За столом сидели си-Аудейк с каким-то арабом, на топчане яванская женщина на пятках готовила для себя бетель. Лежавшие на столе между ним и арабом листы бумаги си-Аудейк поспешно скомкал, явно раздраженный неожиданным визитом. Но он быстро взял себя в руки и, изображая компанейского парня, воскликнул:
– Приветствую тебя, Адипати, сусухунан! Султан Патьярама! Сахарный король! Как поживаешь, красавчик-сердцеед?
Продолжая извергать поток фамильярных приветствий, он подхватил со стола все бумаги и подал знак арабу, по которому тот ушел через другую дверь, в задней стене дома.
– И кого же ты с собой привел, раден мас Адрианус, сладчайший Люсиус?
– Твоего братца, – ответил Адди.
Си-Аудейк быстро поднял глаза.
– Ах вот как, – сказал он; говорил он на смеси ломаного голландского, яванского и малайского. – Узнаю его, законного. И что он тут собирается делать?

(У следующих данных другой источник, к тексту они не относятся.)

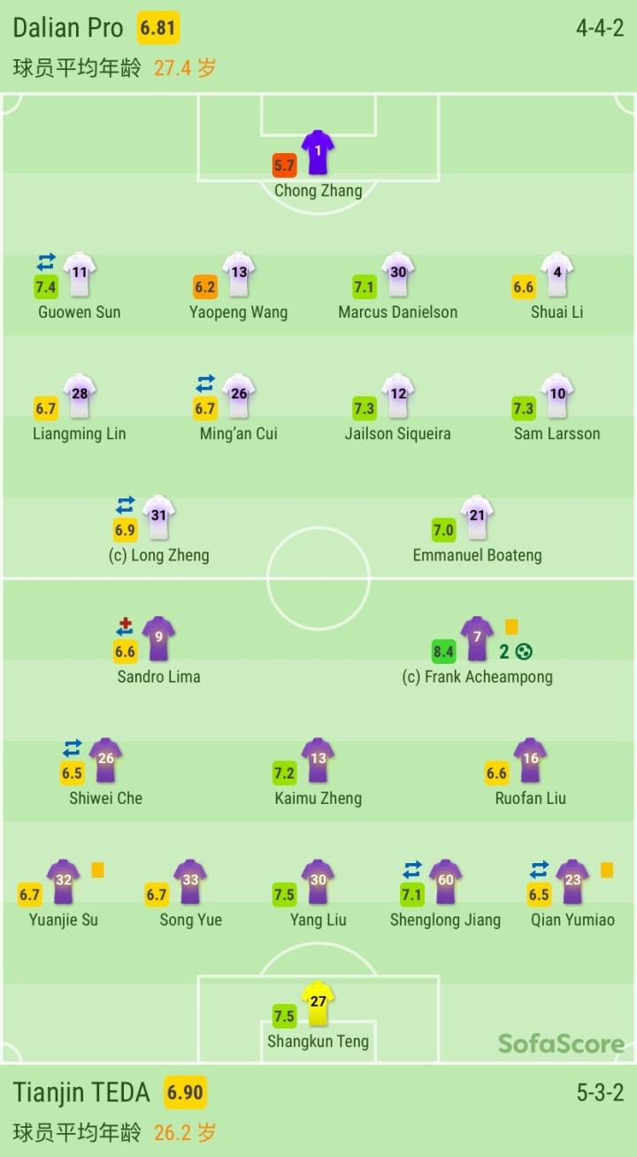 大连人方面,孙国文获得全队最高的7.4分;天津泰达方面,阿奇姆彭获得全场最高的8.4分。
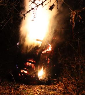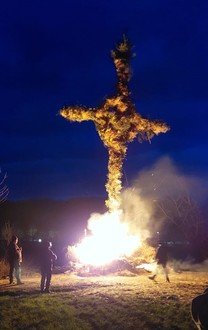 In manchen Orten werden die Hütten oder Burgen auch in Form eines Kreuzes verbrannt.
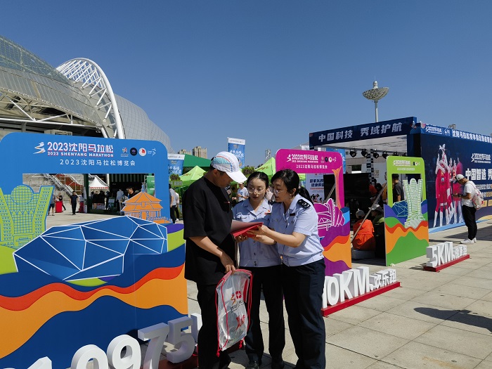 辽宁长安网讯 云天收夏色,木叶动秋声。9月17日,“奔跑沈阳 振兴突破”2023沈阳马拉松赛鸣枪起跑,来自全球的2.5万名马拉松爱好者齐聚沈城,沈阳市浑南区税务局干部职工踊跃参赛、志愿服务,同时借此盛事,开展“便民办税春风行动”,让税收政策直达到人。
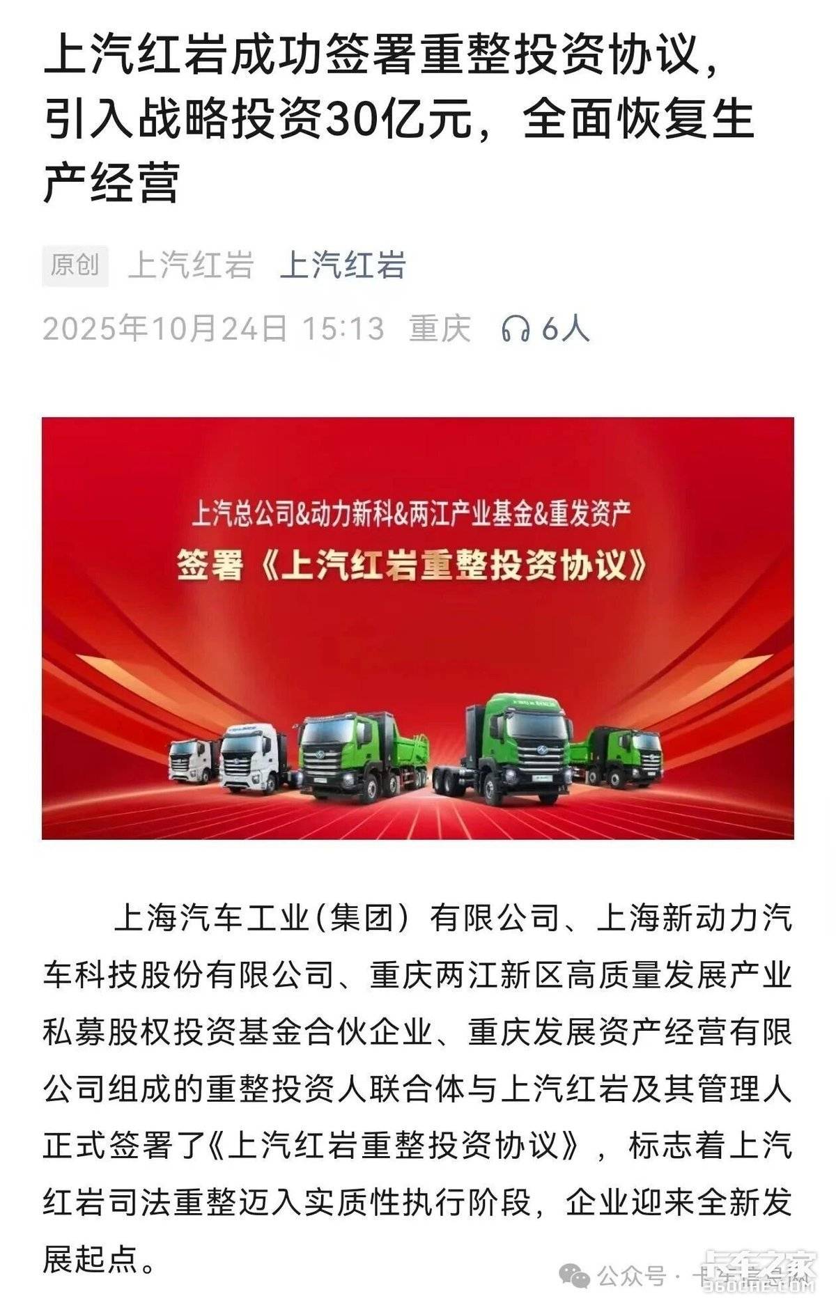 2025年9月30日,重整方案落地:由上汽总公司、重庆地方国资等四方组成的联合体,出资30亿元,获得重整后上汽红岩66% 的股权。
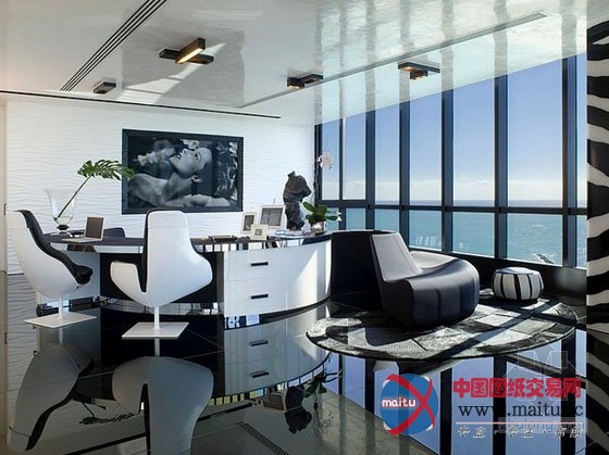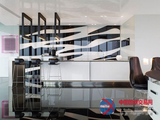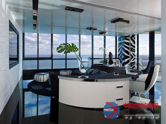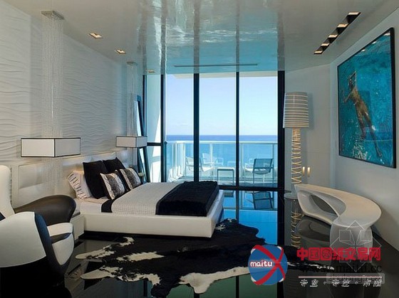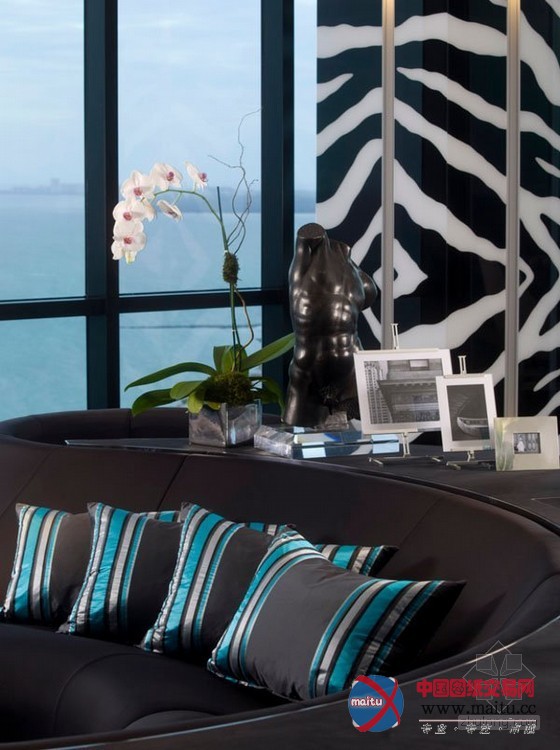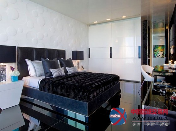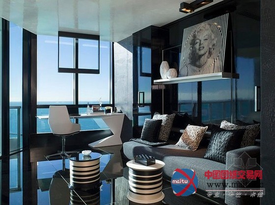来自迈阿密的豪华黑色调高层海景公寓设计,楼层很是的高可以直接俯瞰到海景,属于景不雅房。全部公寓的装修很有美国精力,在各个处所都流露着那种独有的气质和期间精力。黑色的地面砖和黑色的门加上顶部的小面积黑色线条让全部空间布满了神秘感。墙面上大年夜幅的现代艺术绘画十分的狂野。不管是墙面仍是家具的选择,都有黑色的应用,黑色仍然成了贯穿全部设计的基调。

– Пришел посмотреть, как ты выглядишь…
Братья посмотрели друг на друга, Тео с любопытством, радуясь сделанному открытию, которое сможет использовать в качестве оружия против своего старика, если понадобится; си-Аудейк – скрывая всю свою зависть, желчь и ненависть под непроницаемостью коричневого лица с умными пронзительными глазами.
– Ты здесь живешь? – спросил Тео, чтобы хоть что-то сказать.
– Нет, я ненадолго зашел вот к ней, – ответил си-Аудейк, кивнув головой в сторону женщины.
– Твоя мать уже давно умерла?
– Да. А твоя еще жива, не так ли? Она в Батавии. Я ее знаю. Ты с ней видишься?
– Нет.
– Гм… Ты больше любишь свою мачеху?
– С этим все в порядке, – сухо ответил Тео. – Думаю, старик не знает о твоем существовании.
– Все он прекрасно знает.
– А я вот думаю, что не знает. Ты с ним когда-нибудь разговаривал?
– Конечно. Давным-давно. Много лет назад.
– И что?
– Это бессмысленно. Он говорит, что я не его сын…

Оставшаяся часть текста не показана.